# 2002 745i Window Tint AM Radio Reception Problem



## VonKindling (May 21, 2006)

Got new tint put in my windows (the high quality type that has some metal in it) and my Am radio reception has gone to heck.

I would assume it is either from ruining the antenna in the back window during removal of the old tint or from the metal in the new tint.

Has anyone ever had this problem and is there anything I can do about it?


----------



## SevenMan (Nov 22, 2005)

I recently had my windows done using FormulaOne Performance Film. The Pinnacle Series has a ceramic tint that doesn't interfere with radio frequencies.

Check it out.
http://www.formulaone.com/


----------



## boriska00 (Sep 24, 2006)

i have a similar problem, i've had tint for a few years now but i never really used to listen to the radio (especially AM), so i never noticed it until about a year ago. AM reception sucks and if i turn on the rear defroster, all i get is static.

it is definetely metal in the tint that interferes with the AM frequencies. it creates a shield, if you will, so there is a lot of signal loss.


----------



## badmusw (Jun 18, 2005)

I have an 02 745 and I tinted it. My AM stopped working and I never even thought it may be because of the tint. I just took it to the dealer and they fixed the AM because it is covered under the 100k warranty.


----------



## chuck92103 (Oct 9, 2005)

VonKindling said:


> Got new tint put in my windows (the high quality type that has some metal in it) and my Am radio reception has gone to heck.
> 
> I would assume it is either from ruining the antenna in the back window during removal of the old tint or from the metal in the new tint.
> 
> Has anyone ever had this problem and is there anything I can do about it?


Doubt it is the tint. Modern tints regardless of brand do not interfere with car eletronics. I bet they knifed the antenna or disconnected the wire going to the window.


----------



## Premier (Aug 24, 2006)

That is quite the contrary chuck. Almost every film manufacturer on the market would have at least one line of film that is metallized. Metallic sputtering technology allows for added color variety and excellent heat rejection. These metals embedded into the film can affect wireless transmission signals, including radio waves, especially when the antenna wire is located on the glass. 
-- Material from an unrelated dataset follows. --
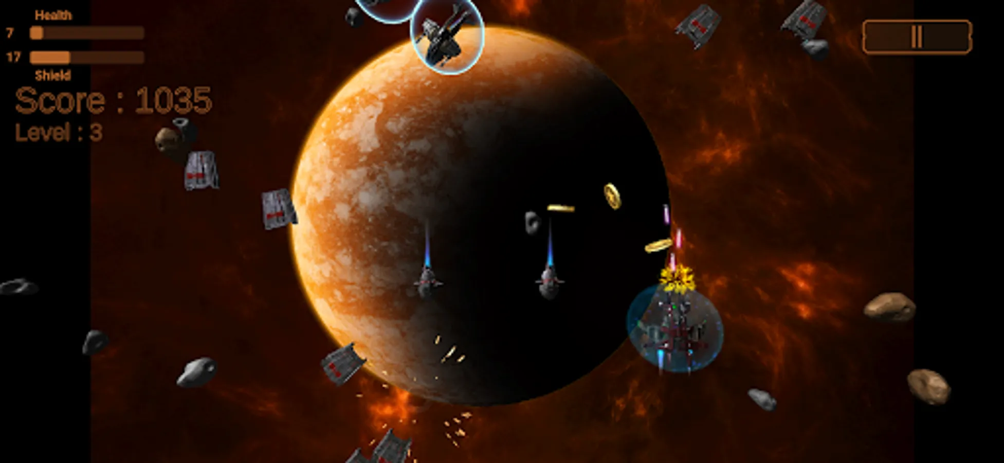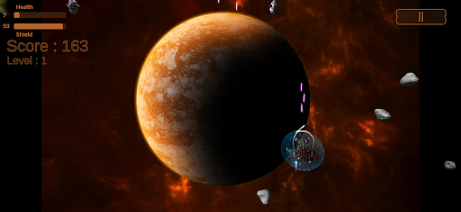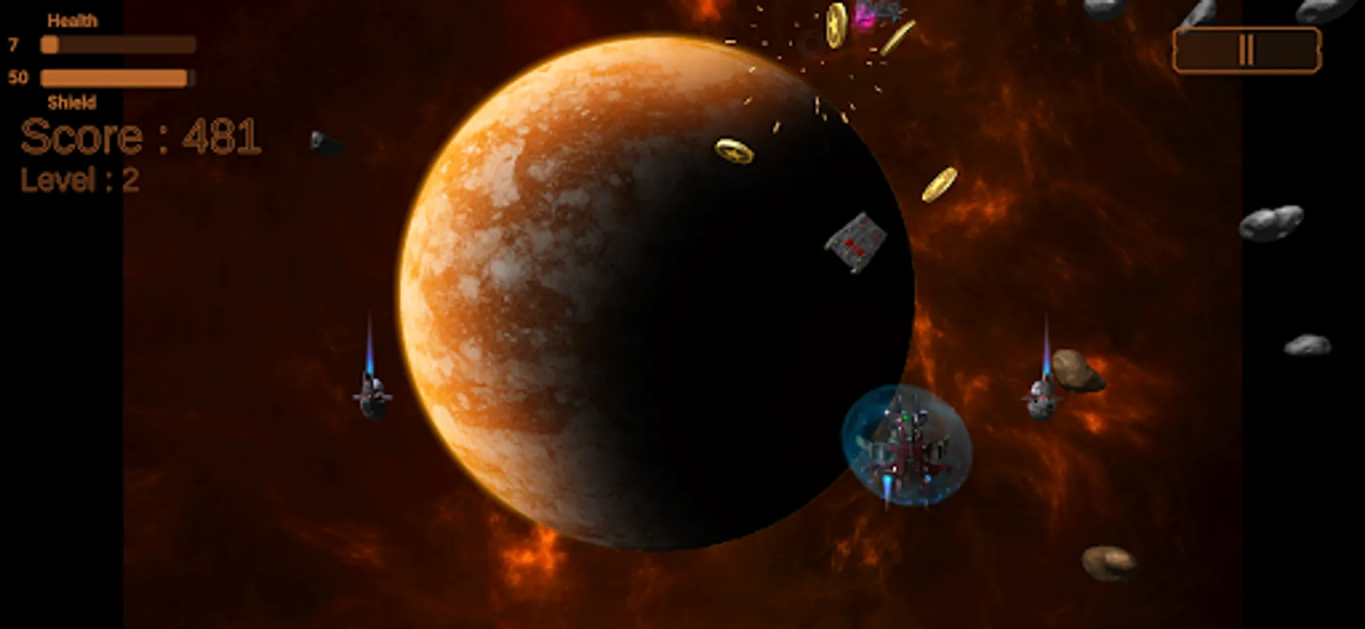 Enjoy Space Galaxy Shooter. Enjoy space shooter at galaxy the attack. Play this Space Galaxy Shooter provides nothing but fun. Collect as many coins and shield as space shooter. Protect your galaxy from space alien intruder. This space as shooter you will in galaxy attack. Defend your Galactica.

the alternative to this problem is to either tint with a non-metallized film or go with a ceramic-based tint (Huper Optic, Madico Advanced Ceramics - there is also Formula One's ceramic, but the heat rejection is not comparable to the other two)


----------



## chuck92103 (Oct 9, 2005)

Premier said:


> That is quite the contrary chuck. Almost every film manufacturer on the market would have at least one line of film that is metallized. Metallic sputtering technology allows for added color variety and excellent heat rejection. These metals embedded into the film can affect wireless transmission signals, including radio waves, especially when the antenna wire is located on the glass.
> 
> the alternative to this problem is to either tint with a non-metallized film or go with a ceramic-based tint (Huper Optic, Madico Advanced Ceramics - there is also Formula One's ceramic, but the heat rejection is not comparable to the other two)
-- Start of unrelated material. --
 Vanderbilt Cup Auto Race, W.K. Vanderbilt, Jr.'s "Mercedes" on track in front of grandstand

You are correct, however, most reputable tint shops sell tint that works with cars. They don't want the customer coming back. I don't doubt there is tint made that can interfere with cars, however, I doubt it was made for cars to begin with.

Here in San Diego there are no HO dealer yet the metal tint the shops and dealers use seems to be fine. :dunno:

HO is a great film, perhaps the best, but it is a very very small part of the market. It is mainly used in commerical and residential buildings and somehow made it way to the high end cars, and now everyone wants it on a bimmer. Of course, I am sure you know that. If HO is not available, they are many good alterantive films out there and they won't interefere with the car. Shoot even the dealers are installing non-HO films.


----------



## BmW745On19's (Aug 12, 2005)

Who listens to AM radio?:dunno:


----------



## boriska00 (Sep 24, 2006)

My car was tinted in San Diego by the way  in 2001, but i'm sure there has been some progress in tints since then


----------



## Premier (Aug 24, 2006)

It is not necessary to have ceramic film applied. There are non-metallic films available that would not affect wireless signals, but the heat rejection would be inferior to metallic and ceramic films. When searching for tint application, be sure to search either for non-metallic or ceramic to be safe.


----------